TASK GOAL —
What you return should be the lines of the data containing "Ulcerative", each in full.

EXERCISE MATERIALS —
----------
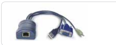
Example CAM: CATX-USB-A

Master Power Switch for connection to AdderView CATx IP or standalone Ethernet operation: PSU-8MASTER
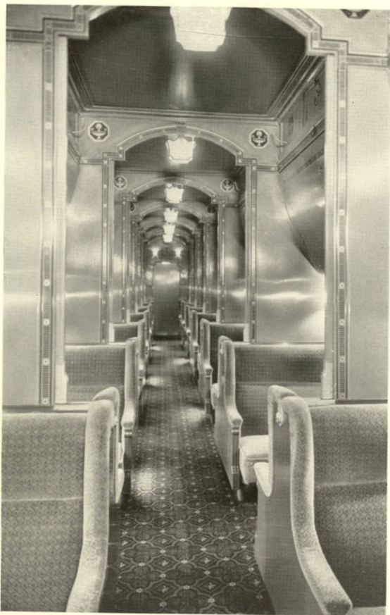
A new conception in travel luxury
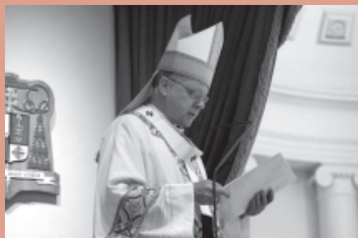
Most Rev. Edwin O'Brien, Archbishop of Baltimore

"The Bishop and all those who take part in the Inquiry must see to it with the greatest diligence and commitment that, in gathering all the proofs, nothing is omitted which in any way regards the cause. The positive outcome of the cause, in fact, depends to a great extent, on its good instruction...." -- Sanctorum Mater , Art. 47, Congregation for the Causes of Saints, Rome 2007
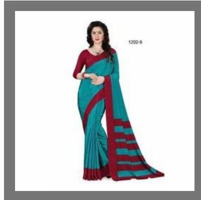
Designer Stylish Saree
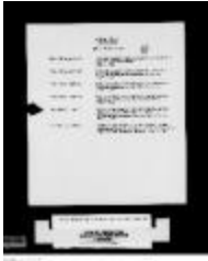
Kamloops Agency - Kamloops Industrial School - Agricultural Land - Irrigation With Accompanying Supplies And Accounts (Plans), 1912-1926 (2056034)
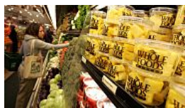
This is how much it actually costs to shop at Whole Foods MarketWatch
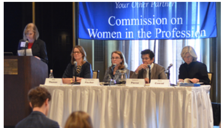
"Key Cases of the Women's Movement" panel
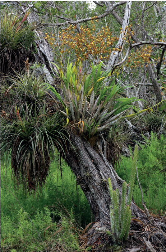
Fig. 6 Cyrtopodium punctatum (the cigar orchid) was down to only 19 known individual plants in the Fakahatchee Strand Preserve State Park, an area that became well known as the home of the ghost orchid in the publication The Orchid Thief . Since 2009, the Atlanta Botanical Garden has trained park staff, travelled for field surveys, propagated and grown orchids for restoration and monitored populations of the cigar orchid on the Park. Over several years more than 1,200 orchids have been outplanted in the park with more than 60 per cent survival rates.

In 2015, the Atlanta Botanical Garden was awarded funding from the National Fish and Wildlife Foundation and Gulf Environmental Benefit Fund for a project coordinated with the Florida Park Service. The Garden has partnered with the Florida Park Service for more than a decade to restore endangered species, such as the critically endangered Torreya taxifolia and the rare epiphytic orchid Cyrtopodium punctatum (Fig. 6). In this case the partners are working together to restore wetland communities (seepage slopes, wet prairies and stream side seeps) to re-establish the historical abundance, distribution and balance of native plant species and hydrologic flow that passes through the watershed of four coastal dune lakes along the Gulf of Mexico.
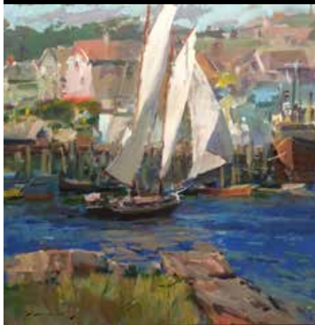
Charles Movalli (1945–2016), Heading for Port , 2016, acrylic on canvas, 36 x 36 in.
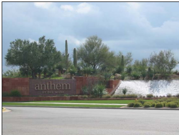
Figure 1 – Anthem, AZ
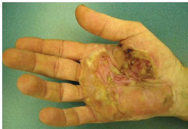
Figure 1. Ulcerative plaque on the right palm with tense bullae at the periphery.

Ulcerative LP rarely involves multiple cutaneous surfaces, as was the case in our patient who
----------
SOLUTION TO THIS PROBLEM —
Figure 1. Ulcerative plaque on the right palm with tense bullae at the periphery.
Ulcerative LP rarely involves multiple cutaneous surfaces, as was the case in our patient who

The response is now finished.